§ **Task brief**:
Please restate every entry exactly. Leave out the pictures.
-- Material for this task follows --
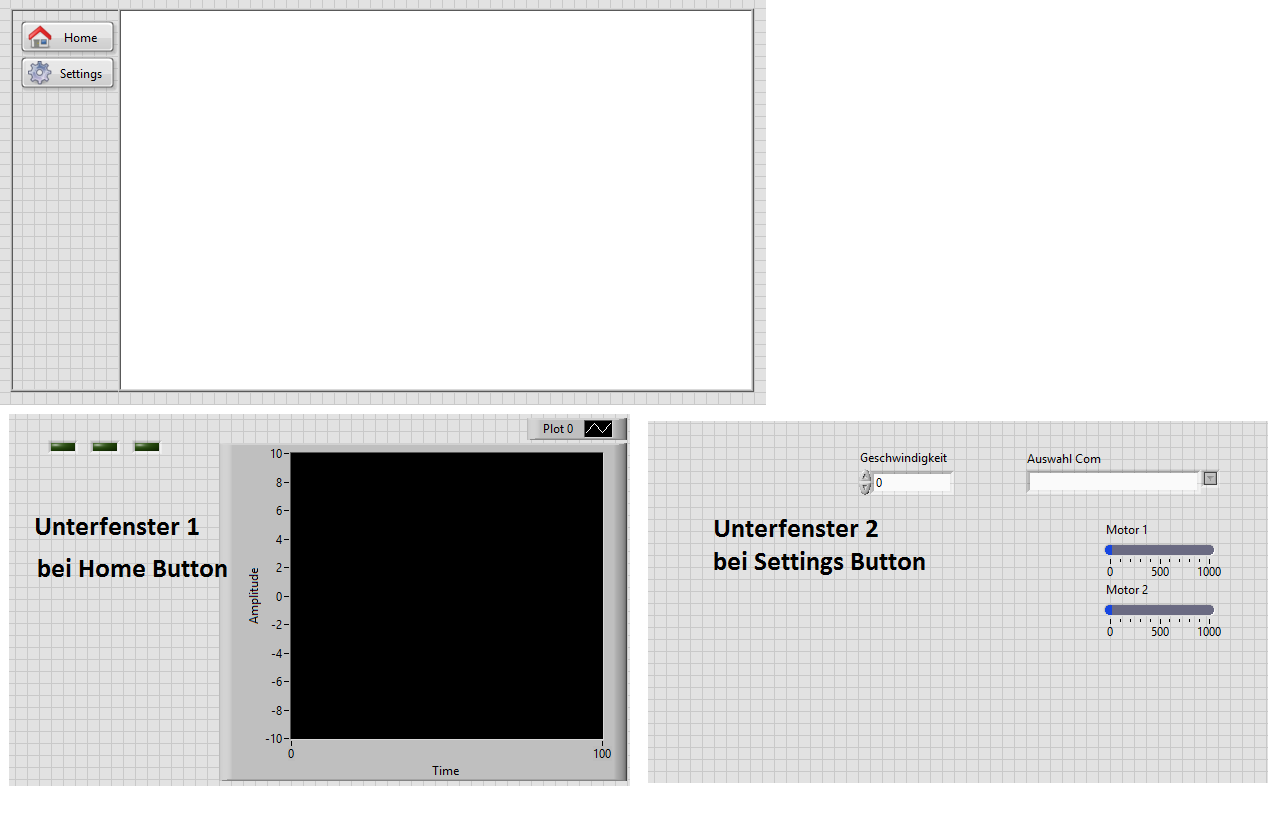 Oben links im Bild habe ich meine Hauptansicht. Links soll wie oben bereits erwähnt ein Menü mit Buttons erstellt werden. Mit dem Button "Home" möchte ich gerne das Unterfenster 1 laden und im weißen Bereich des Hauptfensters anzeigen lassen. Wenn ich anschließend auf den Button "Settings" klicke soll das Unterfenster 2 geladen werden.
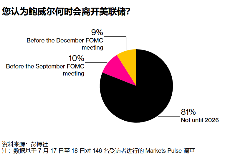 近期特朗普及其盟友对鲍威尔的攻击明显升级,以美联储总部翻修成本超支为由,持续施压要求其辞职。鲍威尔则回应称,若非特朗普的关税政策增加经济不确定性,美联储本可在今年更早启动降息。尽管多数华尔街人士认为,特朗普“因故解雇”鲍威尔面临法律障碍(博彩市场Polymarket显示其2025年离职概率仅22%,较上周18%小幅上升),但调查显示,多数受访者仍预期鲍威尔将完成任期至明年5月。
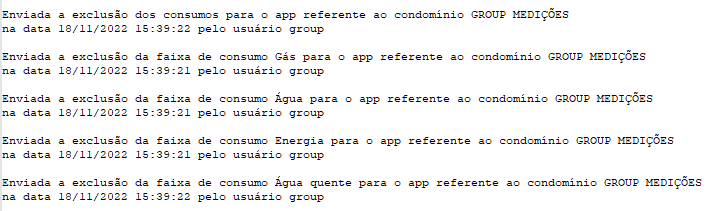 Exemplo: Para o condomínio GROUP MEDIÇÕES, foi informado no log o envio da exclusão de todos os tipos de consumo do condomínio.
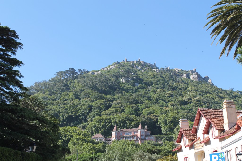Nu over Sintra… Wij arriveerden met de trein (rechtsboven op bovenstaande kaart) en kregen snel te zien (foto hieronder) wat er ons nog te wachten stond. Het Palácio da Pena (niet te zien op de foto) en daarvoor het Castelo dos Mouros liggen boven op een heuvel. Je kan er met de bus naartoe maar wij gingen er te voet heen!
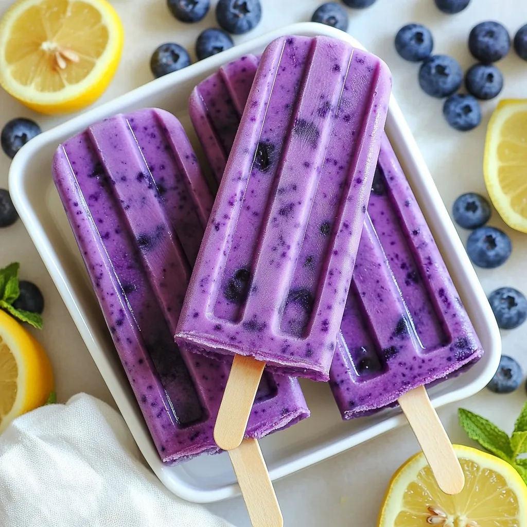 Refreshing popsicles made with fresh blueberries and lemon juice, perfect for a hot day.
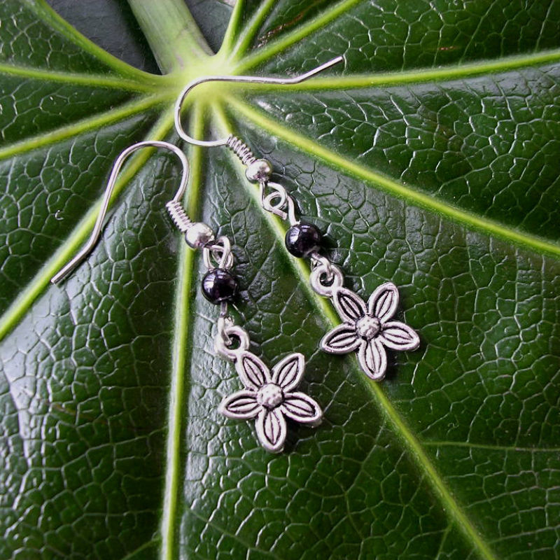 Title (ebay affiliate link): Vintage Antique Silver Flower Black Bead Drop/Dangle Hook Earrings L- 4cm Gift
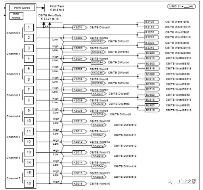 对于写变频器的数据是与变频器的k3001~k3016(参见变频器使用大全功能图120)建立对应关系,读变频器的数据则是与变频器的参数P734建立对应关系。如下图所示:
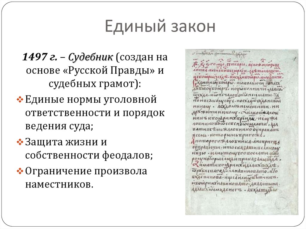 Единый законРаспределение земли
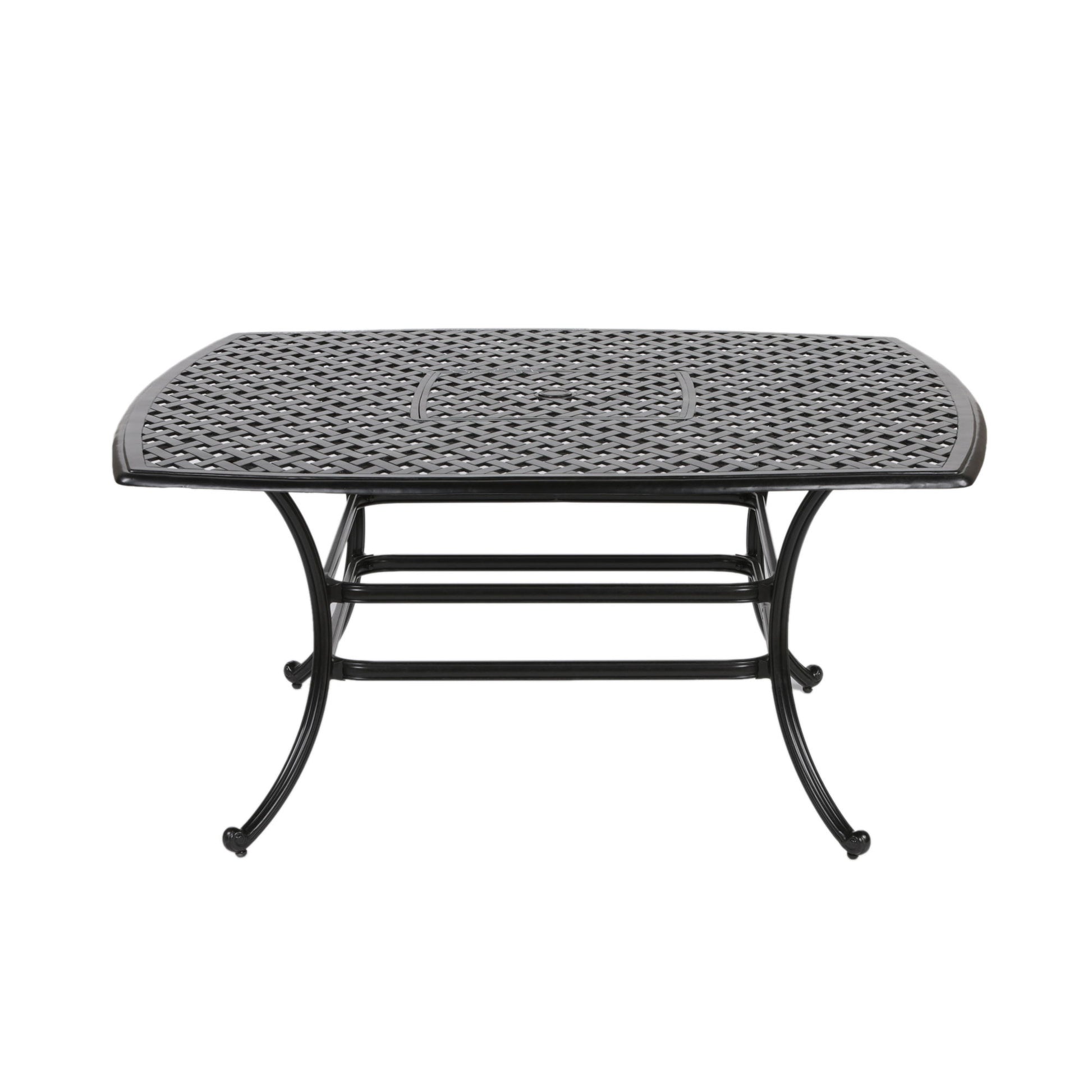 - CLASSIC LATTICE DESIGN: The Castle Rock Collection features an attractive lattice design tabletop and decorative curved legs, this modern outdoor dining table adds a touch of sophistication to any outdoor setting.
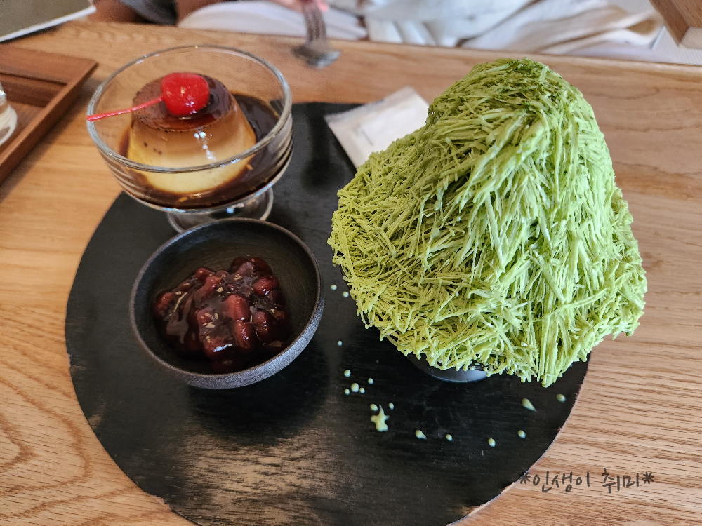 말차빙수의 시원함과 커스타드푸딩의 부드러움이 절묘한 조화를 이루어 완벽한 디저트 타임을 만들어 줬죠.
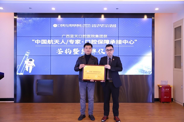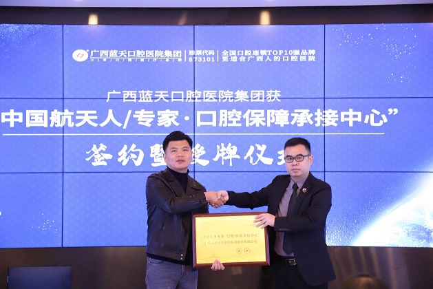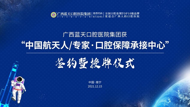 2021年12月15日,中国航天事业战略合作伙伴正雅齿科科技(上海)有限公司授予广西蓝天口腔医院集团“中国航天人中国航天专家·口腔保障承接中心”,达成战略合作。
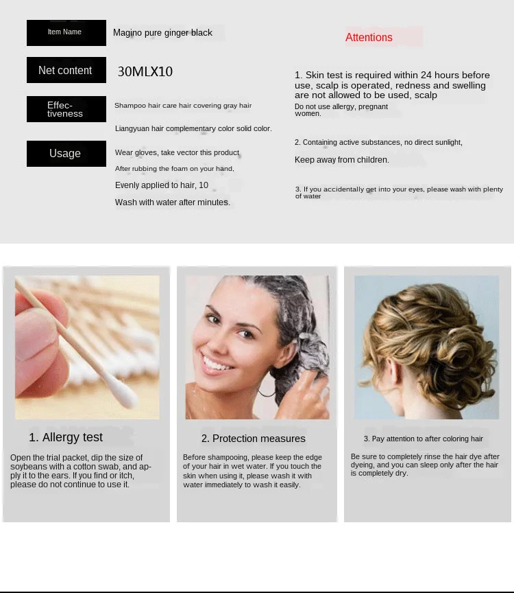 Направление:1. Наденьте перчатки, выдавите достаточное количество крема в миску и хорошо перемешайте2. Быстро впитайте крем в волосы и корень волос, массируйте волосы в течение 8-15 минут3. Белые волосы превращают черные волосы в краску с водой4. Высушите волосы
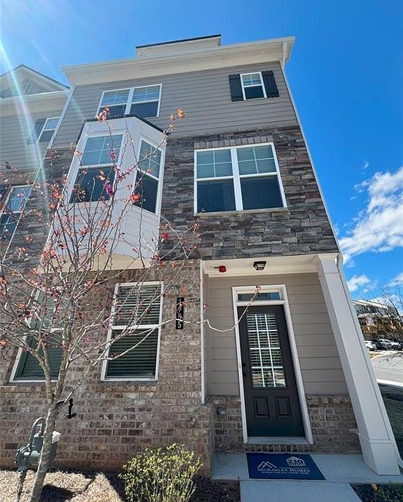 This elegant end-unit townhome in Marietta could be your perfect dream home. Conveniently located less than five minutes from I-75, it offers effortless commuting and easy access to everything you need. The main level boasts an open-concept design, featuring a spacious gathering room that flows seamlessly into the kitchen. The kitchen is beautifully appointed with modern white cabinetry, expansive quartz countertops, and stainless steel appliances. A large island overlooks the dining area, living space, and a striking electric fireplace, while a generous balcony extends your entertaining options outdoors. Upstairs, the owner's suite with a tray ceiling opens to a luxurious spa-like bathroom with dual vanities, a large tiled shower, and a walk-in closet. The first and third levels each include a full bathroom, providing flexible space for guest suites or home offices. Additional highlights include a two-car rear-entry garage on the first level and community amenities such as a swimming pool, dog park, playground, and more.
-- Material for this task concluded --
§ **Task result**:
 Oben links im Bild habe ich meine Hauptansicht. Links soll wie oben bereits erwähnt ein Menü mit Buttons erstellt werden. Mit dem Button "Home" möchte ich gerne das Unterfenster 1 laden und im weißen Bereich des Hauptfensters anzeigen lassen. Wenn ich anschließend auf den Button "Settings" klicke soll das Unterfenster 2 geladen werden.
 近期特朗普及其盟友对鲍威尔的攻击明显升级,以美联储总部翻修成本超支为由,持续施压要求其辞职。鲍威尔则回应称,若非特朗普的关税政策增加经济不确定性,美联储本可在今年更早启动降息。尽管多数华尔街人士认为,特朗普“因故解雇”鲍威尔面临法律障碍(博彩市场Polymarket显示其2025年离职概率仅22%,较上周18%小幅上升),但调查显示,多数受访者仍预期鲍威尔将完成任期至明年5月。
 Exemplo: Para o condomínio GROUP MEDIÇÕES, foi informado no log o envio da exclusão de todos os tipos de consumo do condomínio.
Nu over Sintra… Wij arriveerden met de trein (rechtsboven op bovenstaande kaart) en kregen snel te zien (foto hieronder) wat er ons nog te wachten stond. Het Palácio da Pena (niet te zien op de foto) en daarvoor het Castelo dos Mouros liggen boven op een heuvel. Je kan er met de bus naartoe maar wij gingen er te voet heen!
 Refreshing popsicles made with fresh blueberries and lemon juice, perfect for a hot day.
 Title (ebay affiliate link): Vintage Antique Silver Flower Black Bead Drop/Dangle Hook Earrings L- 4cm Gift
 对于写变频器的数据是与变频器的k3001~k3016(参见变频器使用大全功能图120)建立对应关系,读变频器的数据则是与变频器的参数P734建立对应关系。如下图所示:
 Единый законРаспределение земли
 - CLASSIC LATTICE DESIGN: The Castle Rock Collection features an attractive lattice design tabletop and decorative curved legs, this modern outdoor dining table adds a touch of sophistication to any outdoor setting.
 말차빙수의 시원함과 커스타드푸딩의 부드러움이 절묘한 조화를 이루어 완벽한 디저트 타임을 만들어 줬죠.
 2021年12月15日,中国航天事业战略合作伙伴正雅齿科科技(上海)有限公司授予广西蓝天口腔医院集团“中国航天人中国航天专家·口腔保障承接中心”,达成战略合作。
 Направление:1. Наденьте перчатки, выдавите достаточное количество крема в миску и хорошо перемешайте2. Быстро впитайте крем в волосы и корень волос, массируйте волосы в течение 8-15 минут3. Белые волосы превращают черные волосы в краску с водой4. Высушите волосы
 This elegant end-unit townhome in Marietta could be your perfect dream home. Conveniently located less than five minutes from I-75, it offers effortless commuting and easy access to everything you need. The main level boasts an open-concept design, featuring a spacious gathering room that flows seamlessly into the kitchen. The kitchen is beautifully appointed with modern white cabinetry, expansive quartz countertops, and stainless steel appliances. A large island overlooks the dining area, living space, and a striking electric fireplace, while a generous balcony extends your entertaining options outdoors. Upstairs, the owner's suite with a tray ceiling opens to a luxurious spa-like bathroom with dual vanities, a large tiled shower, and a walk-in closet. The first and third levels each include a full bathroom, providing flexible space for guest suites or home offices. Additional highlights include a two-car rear-entry garage on the first level and community amenities such as a swimming pool, dog park, playground, and more.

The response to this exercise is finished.